The environmental artist Patrick Dougherty built Daydreams (2016) as a replica of a frontier schoolhouse, from which masses of willow branches (found onsite) swirl, representing children’s boundless imagination. The whimsical idea came about when the artist toured the property with Peter and Cathy and happened upon a long-abandoned one-room schoolhouse. In 2022, he added another branch-based work, Cursive Takes a Holiday, in reference to children’s long-awaited summer break.

Patrick Dougherty, Daydreams (2016). Photo: Erik Petersen. Courtesy of Tippet Rise.

On the opening weekend of the 2023 season, the Halsteads were especially keen to talk about two newly installed arrivals: a three-part sculpture by Louise Nevelson called Trilogy (1978)—evoking a family of bison, which no longer roam these parts—and a soaring red steel sculpture by Alexander Liberman, Archway II (1984/2016). That both artists were born in present-day Ukraine was meaningful to the Halsteads.

Louise Nevelson, Trilogy (1978). Photo: James Florio. Courtesy of Tippet Rise.

Recalling the Liberman acquisition, Peter remembered hosting a concert of woodwind musicians at Storm King, the sculpture park in New York’s Hudson Valley (and partial inspiration for Tippet Rise, along with TICKON in Denmark), in the shadow of a sister work by Liberman. “A representative of his came up to us and said, ‘I happen to know where there’s one final Liberman sculpture. It’s in a barn, taken apart, a little bit neglected.’ So it really came to us through the ghost of Liberman at Storm King.” Hinmon likened the expert restoration and painstaking reassembly at Tippet Rise to an adult puzzle.

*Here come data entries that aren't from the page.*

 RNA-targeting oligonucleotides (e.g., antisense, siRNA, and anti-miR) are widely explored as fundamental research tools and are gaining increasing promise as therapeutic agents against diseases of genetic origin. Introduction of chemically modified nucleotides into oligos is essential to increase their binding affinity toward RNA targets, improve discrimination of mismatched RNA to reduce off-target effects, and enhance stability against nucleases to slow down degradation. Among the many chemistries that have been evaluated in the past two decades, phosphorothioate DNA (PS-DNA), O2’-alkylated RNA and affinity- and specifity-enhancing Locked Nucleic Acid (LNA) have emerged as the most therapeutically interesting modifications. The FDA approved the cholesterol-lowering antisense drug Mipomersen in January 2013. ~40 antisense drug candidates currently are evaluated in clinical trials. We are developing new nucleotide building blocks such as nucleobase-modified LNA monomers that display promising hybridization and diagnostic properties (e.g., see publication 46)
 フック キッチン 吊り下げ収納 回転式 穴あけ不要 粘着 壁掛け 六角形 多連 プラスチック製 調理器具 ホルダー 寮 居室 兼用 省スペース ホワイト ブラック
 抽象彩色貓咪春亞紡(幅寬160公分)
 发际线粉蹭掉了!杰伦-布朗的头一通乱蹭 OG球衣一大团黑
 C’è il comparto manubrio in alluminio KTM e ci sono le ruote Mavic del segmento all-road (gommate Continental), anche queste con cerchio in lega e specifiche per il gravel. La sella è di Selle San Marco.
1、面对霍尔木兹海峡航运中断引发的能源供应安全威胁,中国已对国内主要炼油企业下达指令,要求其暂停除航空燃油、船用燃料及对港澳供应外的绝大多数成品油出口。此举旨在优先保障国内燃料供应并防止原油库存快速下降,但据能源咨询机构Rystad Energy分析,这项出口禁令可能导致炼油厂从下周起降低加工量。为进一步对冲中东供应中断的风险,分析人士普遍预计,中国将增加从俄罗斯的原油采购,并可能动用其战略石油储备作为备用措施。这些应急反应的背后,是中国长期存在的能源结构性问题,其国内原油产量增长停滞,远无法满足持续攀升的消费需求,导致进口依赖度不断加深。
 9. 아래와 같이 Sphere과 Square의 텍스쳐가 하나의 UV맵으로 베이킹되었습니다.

The Halsteads had long been familiar with Liberman’s unusual path to sculpture, which he found later in life after a storied career as the art director of Vogue in the 1940s and 50s, and then as the editorial director of Condé Nast from 1960 into the 1990s. He’s credited with being the first to fold the rarefied world of art into the pages of a fashion magazine. “You’d be looking at a dress and all of a sudden there’d be an article about Joan Miró,” said Peter. “That was Liberman’s doing.” In one of his most celebrated spreads, in a 1951 issue of Vogue, Liberman recruited Cecil Beaton to photograph a model against the background of a massive Jackson Pollock drip painting. 

Alexander Liberman, Archway II (1984/2016). Photo: James Florio. Courtesy of Tippet Rise.

The Tippet Rise sculpture park is constantly growing. Soon after opening weekend came the announcement that it had just received a gift, Richard Serra’s Crossroads II (1990), composed of four mammoth plates of Core-Ten steel. Only weeks earlier, Tippet Rise acquired The Soil You See…(2023) by Indigenous artist Wendy Red Star, a native of Billings, Montana. The work, reminiscent of a fingerprint, was originally commissioned by Monument Lab as a part of an exhibition at the National Mall in Washington D.C. Both works will be installed in time for next summer’s concert season. 

Wendy Red Star, The Soil You See… (2023) in the Monument Lab’s exhibition “Beyond Granite: Pulling Together” on the National Mall in Washington, D.C. Photo by AJ Mitchell, courtesy of Monument Lab.

Asked which other artists’ works might make their way to Tippet Rise in the future, Cathy explained that they have some names they’re interested in and they’ve already reached out to them. Ultimately, she said, I think it depends which works we can envision here, that would feel right here, and would bring a conversation to the land, the sky, the incredible sunsets. You know, the land communicates with you the minute you step on it. The possibilities present themselves.” Peter, on the other hand, jumped at the question. “The guy who did Stonehenge!” he laughed. “When we find him, he’s coming here.”